__RECORDS PROVIDED__.
== Segment start ==
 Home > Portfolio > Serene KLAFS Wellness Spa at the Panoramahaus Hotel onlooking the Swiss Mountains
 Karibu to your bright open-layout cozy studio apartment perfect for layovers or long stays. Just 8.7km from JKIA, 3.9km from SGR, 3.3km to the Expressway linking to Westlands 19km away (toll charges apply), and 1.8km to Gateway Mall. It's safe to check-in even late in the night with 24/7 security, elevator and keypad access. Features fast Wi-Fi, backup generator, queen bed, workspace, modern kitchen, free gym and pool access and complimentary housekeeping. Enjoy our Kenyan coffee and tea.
== Segment end ==
== Segment start ==
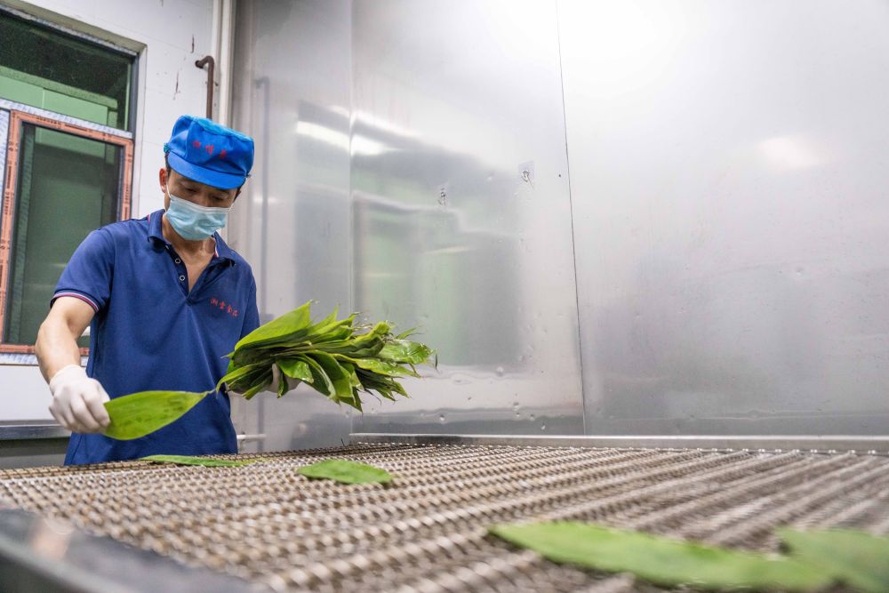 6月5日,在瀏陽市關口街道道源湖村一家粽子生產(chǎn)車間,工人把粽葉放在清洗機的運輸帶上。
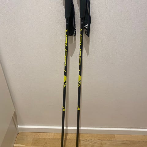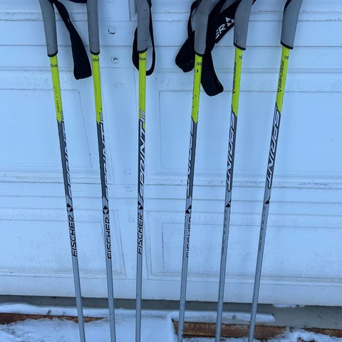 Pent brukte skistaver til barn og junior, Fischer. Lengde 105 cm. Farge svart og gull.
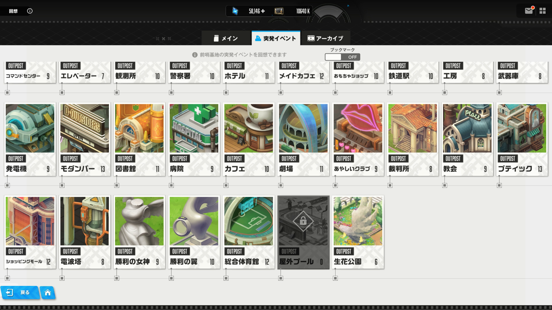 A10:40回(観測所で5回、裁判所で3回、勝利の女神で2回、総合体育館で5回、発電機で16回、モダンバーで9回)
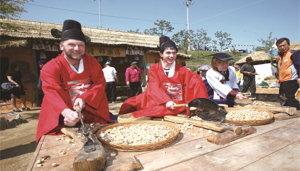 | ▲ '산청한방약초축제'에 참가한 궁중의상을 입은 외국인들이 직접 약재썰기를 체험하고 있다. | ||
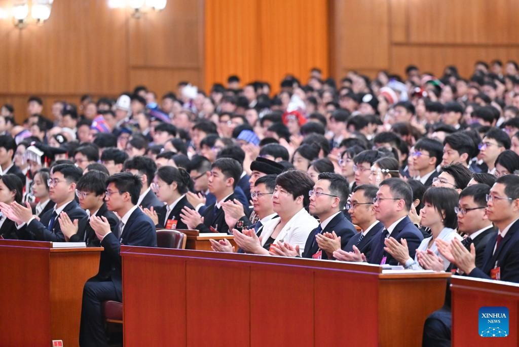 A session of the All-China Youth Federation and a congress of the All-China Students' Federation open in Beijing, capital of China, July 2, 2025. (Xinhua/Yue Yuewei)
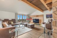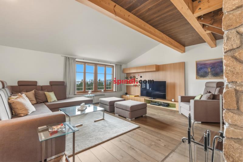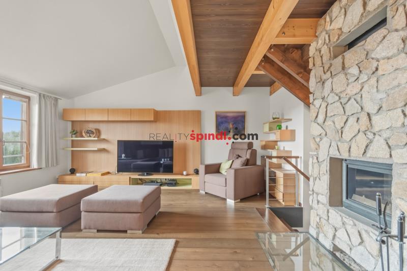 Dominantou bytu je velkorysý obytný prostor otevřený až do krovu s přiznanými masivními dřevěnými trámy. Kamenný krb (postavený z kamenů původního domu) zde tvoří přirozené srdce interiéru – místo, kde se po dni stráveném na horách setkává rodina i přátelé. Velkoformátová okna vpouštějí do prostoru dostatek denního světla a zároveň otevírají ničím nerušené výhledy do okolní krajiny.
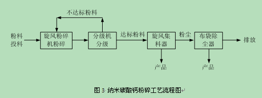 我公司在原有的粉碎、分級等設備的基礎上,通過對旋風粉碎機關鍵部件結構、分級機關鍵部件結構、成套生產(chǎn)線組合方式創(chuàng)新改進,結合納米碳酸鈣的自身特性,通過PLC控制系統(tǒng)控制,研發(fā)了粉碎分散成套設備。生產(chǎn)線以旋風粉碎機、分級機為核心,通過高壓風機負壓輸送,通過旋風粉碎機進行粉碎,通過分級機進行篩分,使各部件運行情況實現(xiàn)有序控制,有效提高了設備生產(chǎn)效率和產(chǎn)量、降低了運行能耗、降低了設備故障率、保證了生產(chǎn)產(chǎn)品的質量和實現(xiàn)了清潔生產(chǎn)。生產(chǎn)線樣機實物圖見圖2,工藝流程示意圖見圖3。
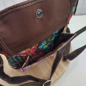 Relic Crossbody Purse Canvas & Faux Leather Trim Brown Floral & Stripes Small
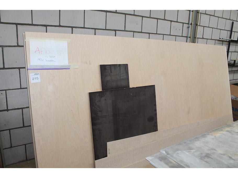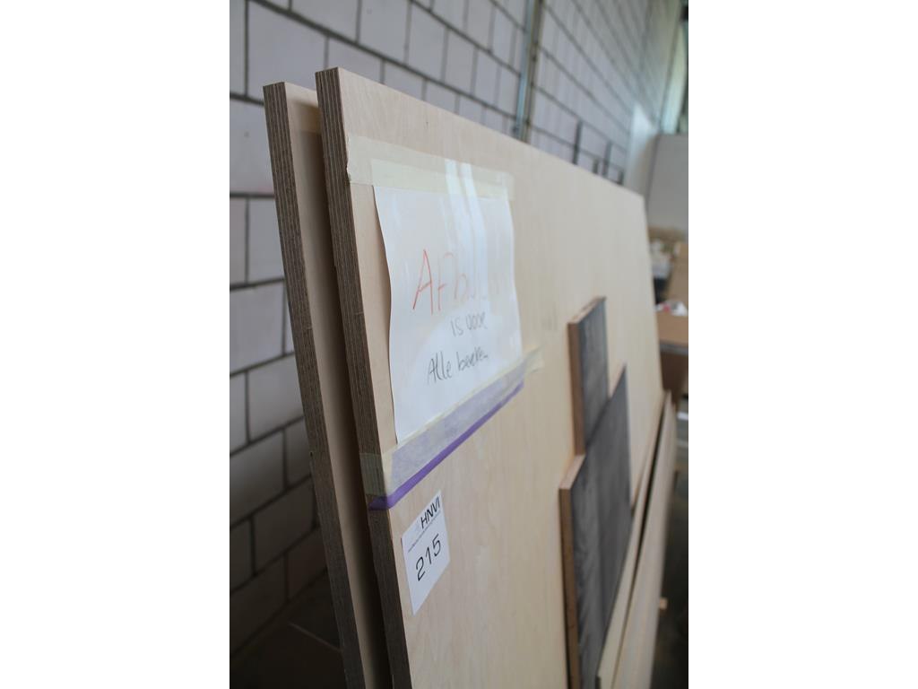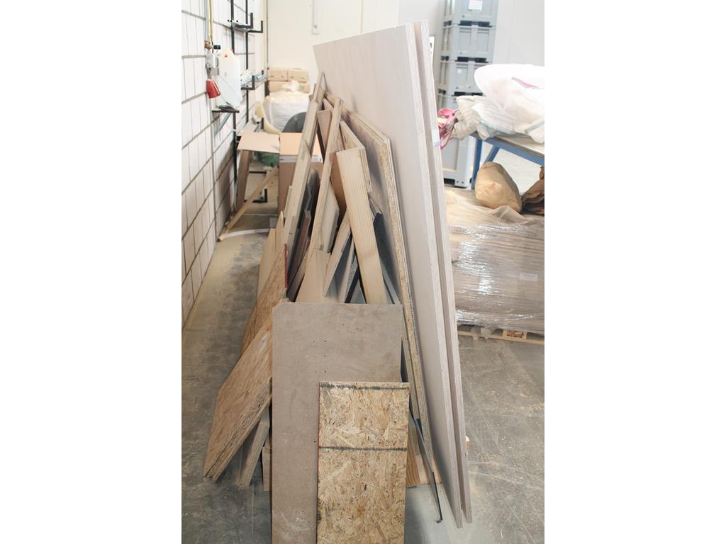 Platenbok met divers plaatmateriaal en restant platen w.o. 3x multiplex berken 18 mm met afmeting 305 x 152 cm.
== Segment end ==
From the records above, give again exactly the lines running from the line with "Home > Portfolio" to the line with "Karibu to your", inclusive.

__SOLVED PROBLEM__.
 Home > Portfolio > Serene KLAFS Wellness Spa at the Panoramahaus Hotel onlooking the Swiss Mountains
 Karibu to your bright open-layout cozy studio apartment perfect for layovers or long stays. Just 8.7km from JKIA, 3.9km from SGR, 3.3km to the Expressway linking to Westlands 19km away (toll charges apply), and 1.8km to Gateway Mall. It's safe to check-in even late in the night with 24/7 security, elevator and keypad access. Features fast Wi-Fi, backup generator, queen bed, workspace, modern kitchen, free gym and pool access and complimentary housekeeping. Enjoy our Kenyan coffee and tea.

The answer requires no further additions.